По Марксу выходит, а именно так он и считал, что прежде всего революция произойдет в развитых капиталистических странах. Результат революции — новое социалистическое общество, к которому после нее требовалось прийти, — он видел в достижении новой степени свободы, более высокой, чем при так называемом либеральном капитализме. Что вполне понятно: отрицая этот «сорт» капитализма, Маркс одновременно сам был продуктом той же либерально-капиталистической эпохи.

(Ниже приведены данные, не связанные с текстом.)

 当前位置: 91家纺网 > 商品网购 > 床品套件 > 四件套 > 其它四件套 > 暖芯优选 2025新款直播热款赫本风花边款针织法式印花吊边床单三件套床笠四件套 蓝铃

Находясь на идентичных с Марксом позициях в том, что капитализм должен быть заменен не только более высокой социально-экономической формой — социализмом, но и более высокой формой человеческой свободы, социал-демократы имели право считать себя его наследниками. Во всяком случае, прав на это у них было ничуть не меньше, нежели у коммунистов, которые также ссылались на Маркса, утверждая, что смена капитализма возможна исключительно революционным путем. На деле правота наследников Маркса, тех и других, социал-демократов и коммунистов, была при ссылках на него всегда лишь частичной. Марксом они прикрывали собственную практику, рожденную в иной, изменившейся уже действительности.

Характер революции

1

Кто хоть немного знаком с историей стран, в которых произошли коммунистические революции, отметит наличие там целого ряда партий, которые также не устраивало существовавшее положение вещей. Наиболее показательна тут Россия, где партия, свершившая революцию, даже не была до той поры единственной революционной организацией.

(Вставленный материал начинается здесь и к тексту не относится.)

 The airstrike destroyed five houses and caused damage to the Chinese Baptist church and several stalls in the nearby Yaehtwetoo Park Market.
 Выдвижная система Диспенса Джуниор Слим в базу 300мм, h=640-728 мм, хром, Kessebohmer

Однако лишь коммунистические партии не просто по-революционному относились к существующим порядкам, но и являлись непоколебимыми, последовательными носителями идеи индустриального переустройства. Практически это означало радикальное разрушение сложившихся отношений собственности — преграды на пути к указанной цели. В неприятии сложившихся отношений собственности ни одна ни другая партия не шла столь далеко, ни одна не была до такой степени индустриальной, если можно так выразиться.

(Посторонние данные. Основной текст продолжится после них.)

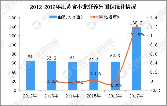 江苏省作为中国前五大小龙虾大省,小龙虾产业一直保持较快较好发展。据统计,2017年江苏省小龙虾养殖面积138.2万亩,比2016年同期养殖面积增加了75.9万亩,同比增长121.83%。数据显示,2012-2016年江苏省小龙虾养殖面积稳步增长,基本保持在62万亩左右,2017年养殖面积增加了一倍有余。
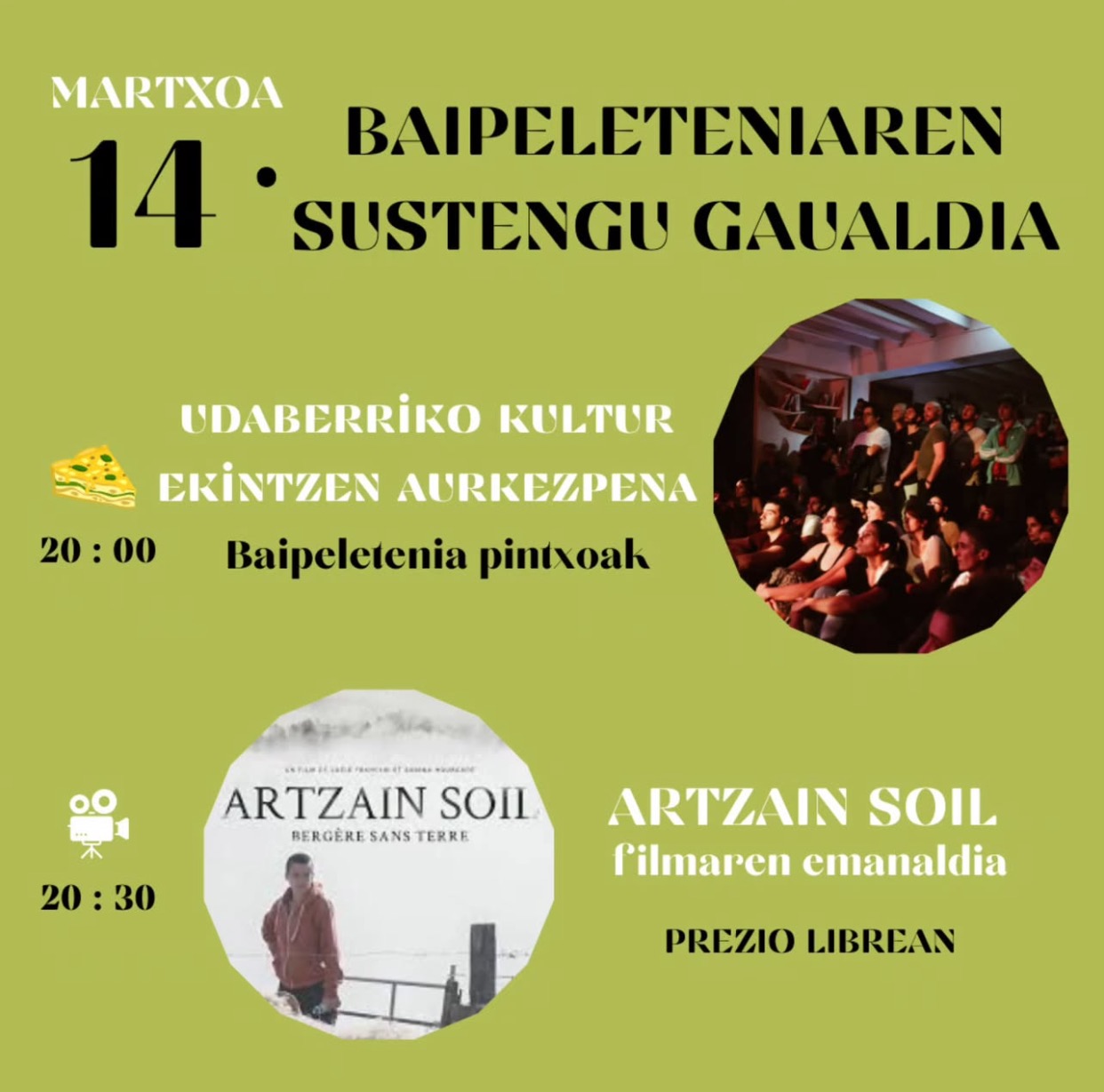 - Lucie Francini & Sabina Hourcade egileen Artzain soil filmaren proiekzioa
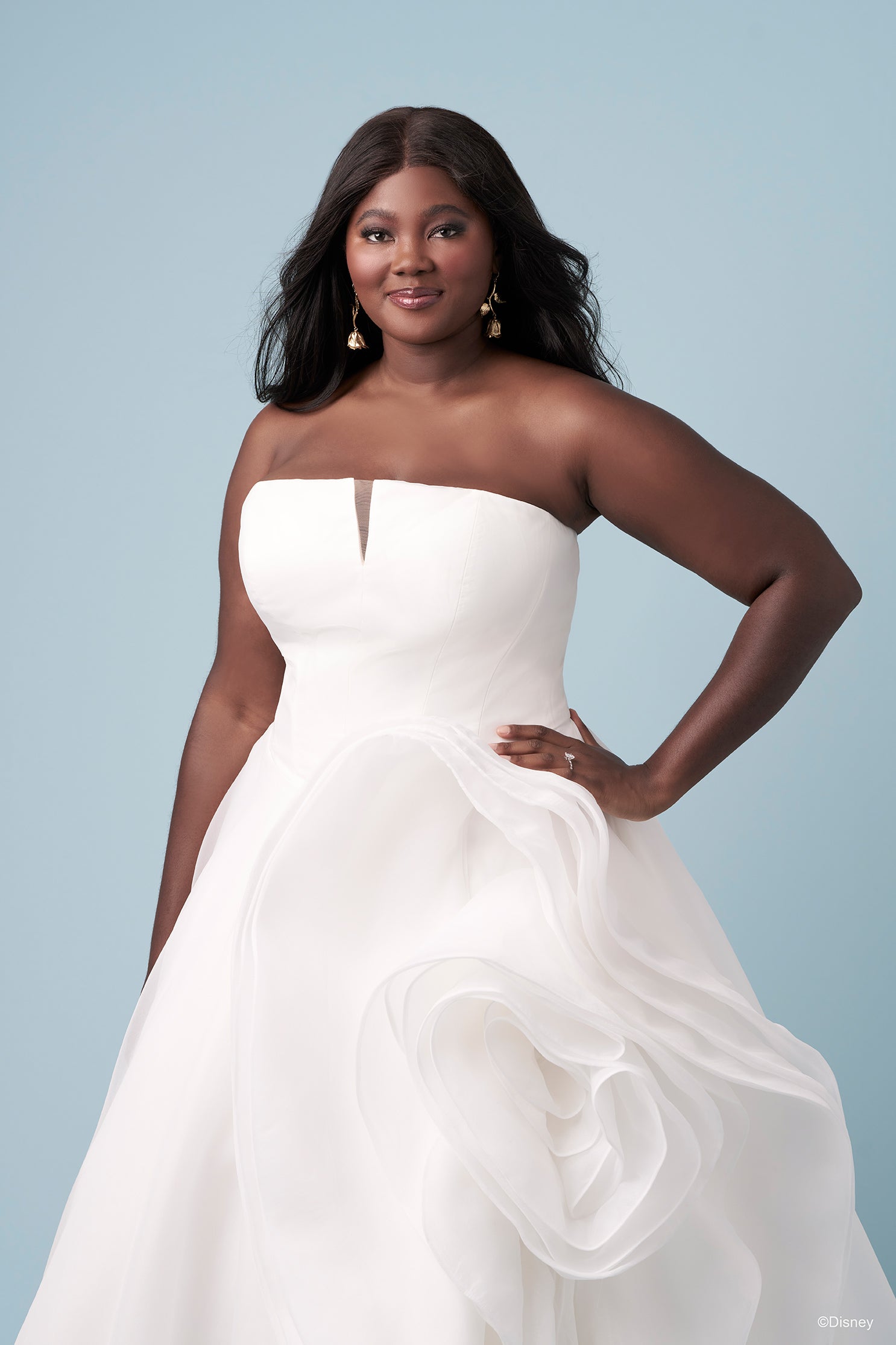 Radiating warmth and grace, this organza ballgown reflects Belle’s open heart and timeless beauty. The crescent neckline adds a soft, romantic touch, while the basque waist and corset back create a sculpted, regal silhouette. An abstract rose, artfully crafted from layers of organza, blooms across the skirt — a poetic symbol of love’s power to transform. Elegant and radiant, this gown embodies Belle’s spirit: seeing beauty in all things and letting her heart lead the way. Read Less

Между тем не столь ясно, почему эти партии по своей программе должны были быть социалистическими.

В условиях всесторонне отсталой царской России капиталистическая частная собственность не только оказалась неспособной провести быстрые индустриальные преобразования, но и стала им помехой. Ибо существовала она в стране с еще очень заметными остатками феодальных отношений и в мире, где монополии из развитых государств отнюдь не горели желанием легко выпустить из рук такой обширный сырьевой район и такой емкий рынок.

Сообразно своему историческому прошлому царская Россия должна была запоздать с промышленной революцией. Россия — единственная в Европе держава, не ведавшая Реформации и Возрождения, не имевшая средневековых европейских городов. И именно такая — отсталая, полукрепостная, с абсолютистской монархией и бюрократическим централизмом, с бурно растущим в нескольких центрах пролетариатом — она оказалась буквально брошенной в водоворот современного мирового капиталистического хозяйства, в сети финансовых интересов гигантских банковских центров.

2

Все прежние революции были результатом того, что в обществе, где возобладали новые экономические и иные отношения, старая политическая система мешала продвижению вперед.

Ни одна из таких революций не претендовала ни на что, кроме разрушения старых политических структур и расчистки путей для новых общественных сил и отношений, вызревших в чреве старого общества. В случаях же, когда революционеры (как якобинцы с Робеспьером и Сен-Жюстом во Французской революции) покушались и на нечто иное — на то, чтобы насильственными методами строить общественно-экономические отношения, их действия были обречены на провал, а сами они — на быстрое устранение.

Во всех прежних революциях принуждение и насилие проявлялись в основном как следствие, как инструмент в руках новых, преобладающих уже общественно-экономических сил и отношений; если с размахом революционных событий они переходили такие границы, то все равно в конце концов вынуждены были свестись в рамки реальности и допустимости. Террор и деспотизм могли играть здесь роль пусть и неизбежного, но исключительно временного явления.

По вышеназванным, а также по особым «индивидуальным», специфическим причинам все революции, совершались ли они «снизу», то есть при участии масс, как во Франции, либо «сверху», то есть действиями правительства, как при Бисмарке в Германии, обязательно в итоге имели политическую демократию. Понятно почему: «главная работа» этих революций и заключалась в том, чтобы разрушить старую деспотическую политическую систему, то есть обеспечить возможность создания политических отношений, адекватных созревшим экономическим и иным потребностям, свободному товарному производству.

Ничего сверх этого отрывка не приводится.